In the wake of the fatal car crash in Ottawa involving a Russian diplomat, I have risen in the House on several occasions and asked the minister of foreign affairs to initiate a dialogue on changing the Vienna convention with respect to diplomatic immunity. Although we brought it up time and time again, the government shows no interest in taking that initiative. The same type of initiative could be taken with respect to the motion to bring more countries under The Hague convention. The government has an obligation to act and should act. I hope it acts in both these cases.

The second part of the motion says that the federal government should show leadership

—by signing bilateral treaties that include commitments to respect custody and access orders as originally handed down by the courts;

Such treaties would be as important as the overall convention, and more powerful in many cases, because they would involve one country dealing directly with another.

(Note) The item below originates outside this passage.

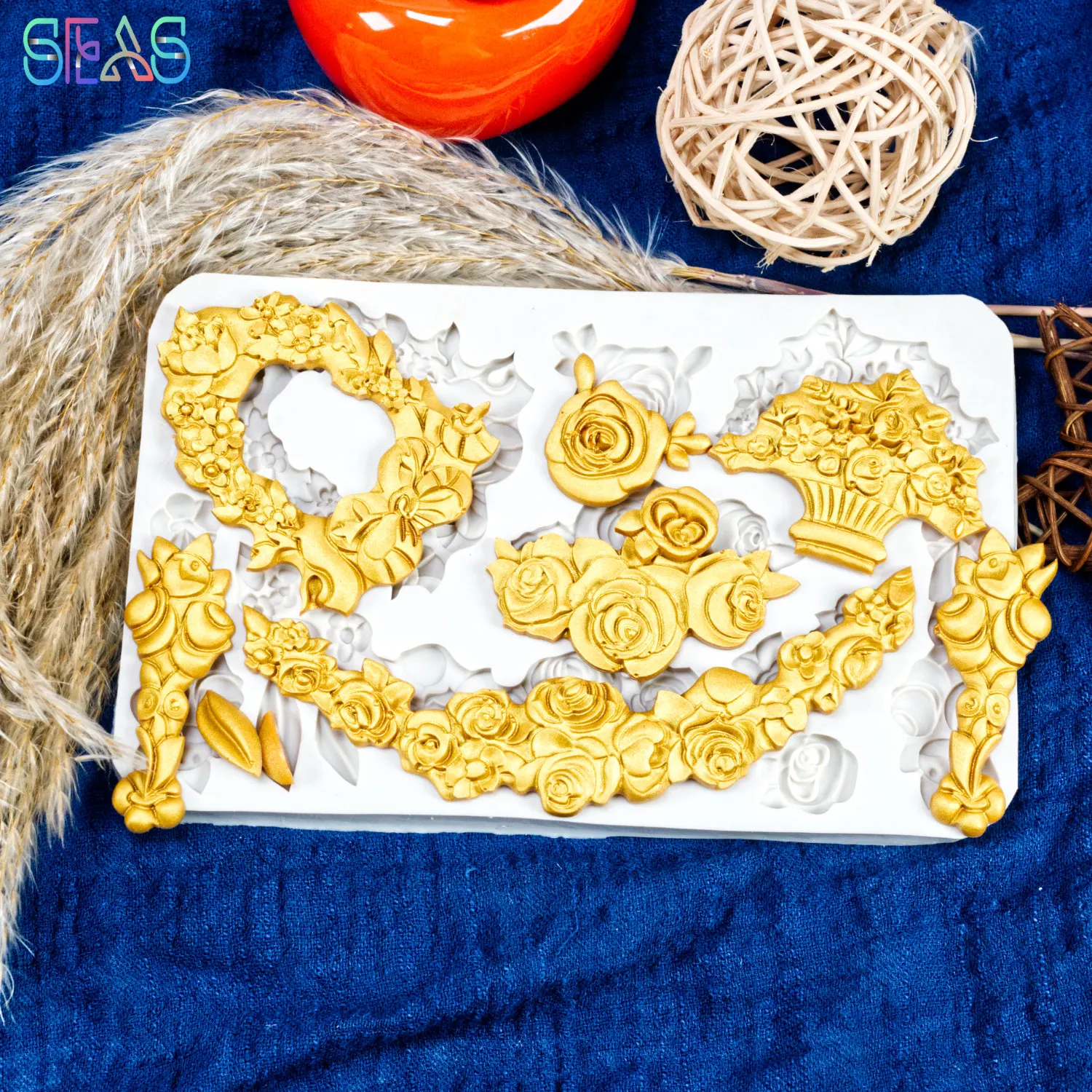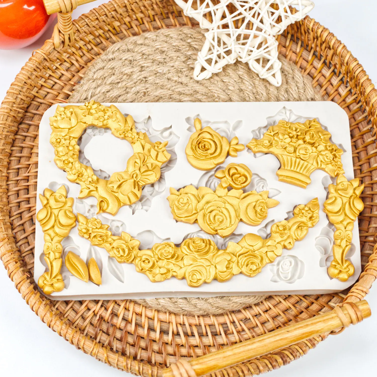 Силиконовые формы в форме цветов для оформления свадебного торта, инструменты для выпечки, кружевные формы для шоколада, желе
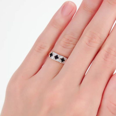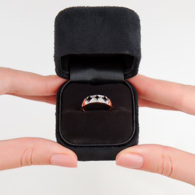 Кольцо с 12 бриллиантами природными, 0.05 карат, огранка круг 17 граней, цвет 2, чистота 2, тип огранки А; 3 сапфирами природными, 0.34 карат, цвет 2, чистота 2, тип огранки В; Розовое золото 585 пробы.

Third, the federal government can show leadership by taking steps within its own borders to combat international child abduction. The government can never do enough to protect children, yet its record leaves something to be desired. More children live in poverty now than 12 years ago when the House passed a motion to eradicate child poverty by the year 2000. Years after the motion to eradicate child poverty, the government has still not addressed the issue.

In Liberal speeches from the throne, children's issues are mentioned. However I am not sure anything concrete has been accomplished or that any tangible action has been taken.

The PC Party has been concerned with this issue for many years. When we were in power we spearheaded the missing children initiative. In May 1980, before the convention was signed, a former colleague of mine, Mr. Benno Friesen, member for Surrey—White Rock—North Delta, tabled a private member's bill dealing with parental abduction and custody matters. He had introduced it in 1976. The bill received the support of the government of the day and its wording was quite close to that of government bills introduced in 1978.

I will quote Mr. Friesen from Hansard in December 1980, 21 years ago.

I have had many representations received in my office regarding this type of case. These are cases involving virtually helpless parents who have had their children snatched from them by the other parent, usually, but not always, the father. The parent with custody granted by the court becomes a helpless victim...There seems to be no elementary or emotional security for these children in their formative years. They sometimes become scarred for life through such an experience.

That was said in the House over 20 years ago and still applies today. I mention it to show that was the case even before the Canada treaty entered into force on December 1, 1983.

The Progressive Conservative Party takes the issue very seriously. Because of this, we support the motion and congratulate the hon. member for bringing it forth.

International Child AbductionPrivate Members' Business

11:55 a.m.


Carole-Marie Allard Liberal Laval East, QC

Mr. Speaker, thank you for giving me the opportunity to speak to Motion no. 219, which deals with international child abduction.

Canada's record in solving cases of international child abduction by the father or the mother is well known not only here but worldwide. Let us not forget that in countries that are not party to the Hague convention child abductions are treated on a case by case basis.

Even though the desired outcome is generally the same, namely bringing the child or children back to Canada, each case must be dealt with based on its own particularities.

The main obstacles to the child's return may be related to the following: the relationship between the father and the mother and other close relatives; the marital status of the parents; the gender of the child or of the parent seeking the return of the child; family law and the religious system in the foreign country where the child is; and the nationality of the parents or of the abducted children.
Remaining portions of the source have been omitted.